Steady-State Dilution and Mixing-Controlled Reactions in Three-Dimensional Heterogeneous Porous

三维多相多孔材料中的稳态稀释和混合控制反应

• 批准号: 217872108
• 负责人: Professor Dr.-Ing. Olaf A. Cirpka
• 金额: --
• 依托单位: Institut für Angewandte Geowissenschaften (IAG)
• 依托单位国家: 德国
• 项目类别: Research Grants
• 财政年份: 2012
• 资助国家: 德国
• 起止时间: 2011-12-31 至 2015-12-31
• 项目状态: 已结题
• 来源: https://gepris.dfg.de/gepris/projekt/217872108?language=en
• 关键词: Steady; State; Dilution; Mixing; Controlled

Understanding transport of contaminants is fundamental for the management of groundwater re-sources and the implementation of remedial strategies. In particular, mixing processes in saturated porous media play a pivotal role in determining the fate and transport of chemicals released in the subsurface. In fact, many abiotic and biological reactions in contaminated aquifers are limited by the availability of reaction partners. Under steady-state flow and transport conditions, dissolved reactants come into contact only through transverse mixing. In homogeneous porous media, transverse mixing is determined by diffusion and pore-scale dispersion, while in heterogeneous formations these local mixing processes are enhanced. Recent studies investigated the enhancement of transverse mixing due to the presence of heterogeneities in two-dimensional systems. Here, mixing enhancement can solely be attributed to flow focusing within high-permeability inclusions. In the proposed work, we will investigate mixing processes in three dimensions using high-resolution laboratory bench-scale exper-iments and advanced modeling techniques. The objective of the proposed research is to quantitatively assess how 3-D heterogeneity and anisotropy of hydraulic conductivity affect mixing processes via (i) flow focusing and de-focusing, (ii) increase of the plume surface, (iii) twisting and intertwining of streamlines and (iv) compound-specific diffusive/dispersive properties of the solute species undergoing transport. The results of the experimental and modeling investigation will allow us to identify effective large-scale parameters useful for a correct description of conservative and reactive mixing at field scales allowing to explain discrepancies between field observations, bench-scale experiments and current stochastic theory.

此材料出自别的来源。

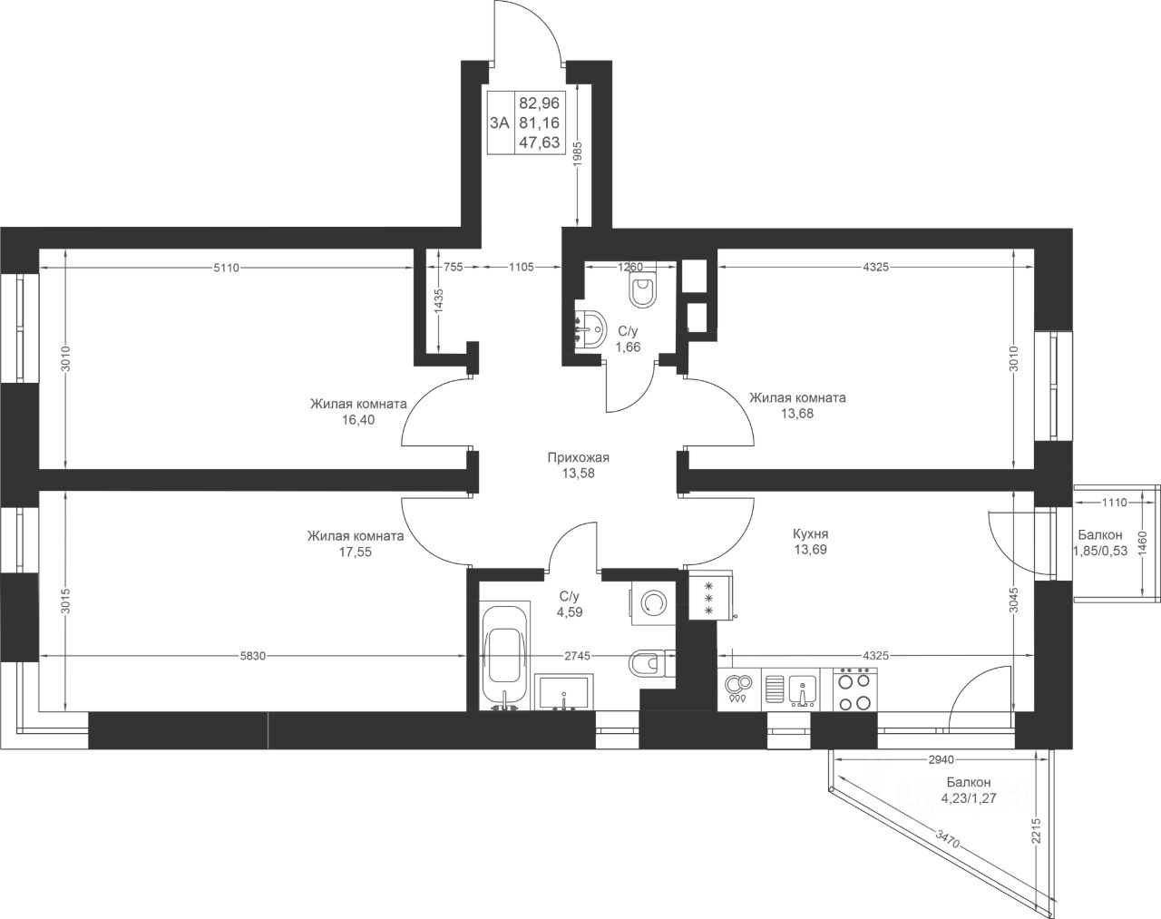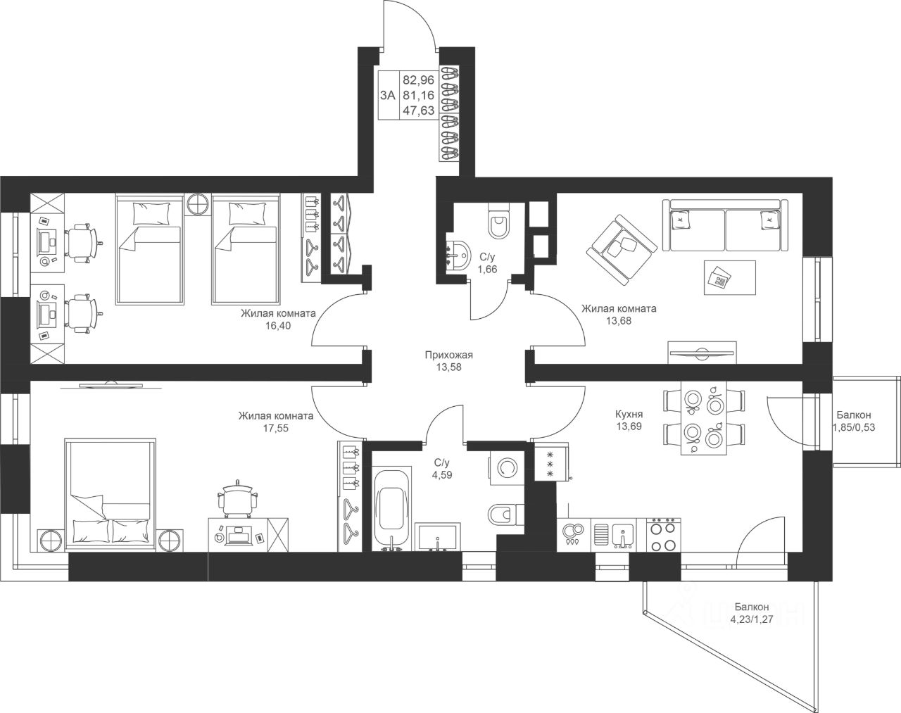 Продается 3-комнатная квартира 107 площадью 82,96 кв.м на 3 этаже в строящемся доме проекта "Новый свет" компании "Ак Барс Дом".

了解污染物的运移对于地下水资源的管理和补救战略的实施至关重要。特别是，饱和多孔介质中的混合过程在决定地下释放的化学物质的去向和运输方面发挥着关键作用。事实上，受污染含水层中的许多非生物和生物反应受到反应伙伴可获得性的限制。在稳态流动和输送条件下，溶解的反应物只有通过横向混合才能接触。在均质多孔介质中，横向混合由扩散和孔隙尺度弥散决定，而在非均质地层中，这些局部混合过程被加强。最近的研究发现，在二维系统中，由于非均质的存在，横向混合的增强。在这里，混合增强可以完全归因于高渗透性包裹体内的流动聚焦。在这项拟议的工作中，我们将使用高分辨率的实验室台架实验和先进的建模技术来研究三维混合过程。这项研究的目的是定量评估水力传导性的三维非均质性和各向异性如何通过(I)流动聚焦和去聚焦，(Ii)羽流表面的增加，(Iii)流线的扭曲和缠绕，以及(Iv)正在传输的溶质物种的化合物特有的扩散/弥散特性来影响混合过程。实验和模拟研究的结果将使我们能够确定有效的大尺度参数，有助于正确描述现场尺度上的保守和反应混合，从而解释现场观测、台架实验和当前随机理论之间的差异。